Main proponent:     PCL
Cash funding:   Rio Tinto's Hail Creek Mine Community Benefit Fund
Other proponents:   Birds Australia, Deakin University, Queensland Wader Studies Group
In kind funding:   Birds Australia, Deakin University, Queensland Wader Studies Group

Project outline:

Around 23,000 shorebirds (or ‘waders’) visit the Mackay region annually from as far afield as Siberia and Alaska. Other species breed locally. The importance of this region for shorebird conservation was recently recognised through the designation of the area as an Important Bird Area (IBA; Dutson, Garnett & Gole 2009) by Birds Australia and Rio Tinto.

However, the human population of the Mackay region is set to increase by 68% by 2030 and, without active measures to ensure successful coexistence, shorebirds will be directly impacted. Community education and involvement in conservation strategies is critical to sustainable growth that supports the economic, social and environmental values of this region.

This multi-partner project aims to increase awareness of shorebirds to over 500 community members through identification and training sessions for the community and school students; engage the community in conservation strategies and, understand the pressures on shorebirds during critical life stages.

Project achievements and outcomes:

The delivery of this project has involved the following community involvement:

 - Six community identification days;

 - A community workshop facilitated by members of the Queensland Wader Studies Group (QWSG);

 - Social survey of residents attitudes towards shorebirds and coastal habitats;

Shorebirds are a particularly difficult group of birds to identify; community (left) and schools (right) identification sessions are a great way to engage the community with shorebirds that live in our region.

This project will also develop a community nest monitoring program to understand the fate of nests. A successful nesting attempt is one where all eggs hatch chicks, which has obvious direct consequences for population growth.
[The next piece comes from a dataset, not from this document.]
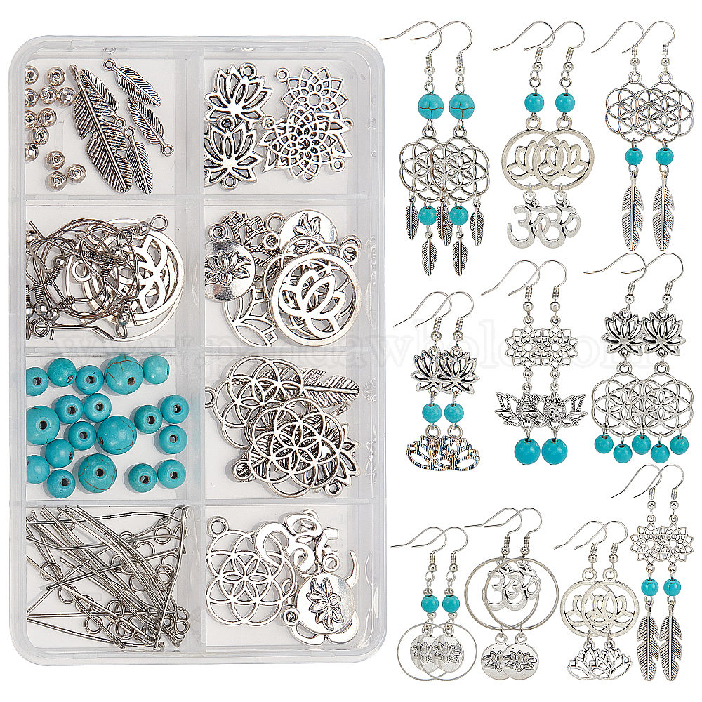 Наборы для самостоятельного изготовления сережек-подвесок в виде лотоса для йоги, включая подвески из сплава цветов, листьев и перьев и соединительные звенья, синтетические бирюзовые бусины, латунные соединительные кольца и крючки для серег

The breeding ecology of Australia's resident (non-migratory) shorebirds are poorly known, despite the fact they are a particularly threatened group of birds, and that breeding is a critical and vulnerable stage of their life cycles (Geering et al. 2007).

The Masked Lapwing, Vanellus miles, is a common resident shorebird of many wetland, urban and agricultural habitats. The Bush Stone-curlew, Burhinus grallarius, is resident shorebird found in open woodland habitats. Nationally the Bush Stone-curlew is listed as Near Threatened with extinction, whereas southern states list the species as Vulnerable due to destruction of woodland habitat and predation by introduced predators (IUCN Redlist Sept 2010). The Masked Lapwing and Bush Stone-curlew occur within a variety of habitats and it is likely that the habitat influences the success of any nesting attempts. For example, a well watered urban lawn may offer more suitable foraging opportunities compared with pastures; conversely, urban areas expose nests to greater predation by domestic animals. Understanding how habitats influence nests may explain the success of nesting attempts. In addition, the process of urbanisation is ongoing and occurs to varying levels. For example, the popularity of peri-urban (urban fringing properties greater than 5 acres and usually less than 100 acres) ownership is significant in this region, however its role in shorebird habitat is unknown.

 The Masked Lapwing and Bush Stone-curlew commonly occur in a variety of habitats around the Mackay region, and yet, surprisingly little is known about the level of success of their breeding attempts. These species have been chosen for a few specific reasons: 1) They are relatively common shorebirds whose nests are commonly identified; 2) they are a representative species. In other words, the fate of nests from these species can be inferred for other shorebird species and, 3) nests are more inconspicuous than other species that nest on open beache. Therefore, these species and this region are particularly well positioned to efficiently monitor a number of nests, over a variety of urban, perui-urban and rural land uses, to better understant the cause, if any, of nest failures. Information that is highly sought after in other regions where these species occur.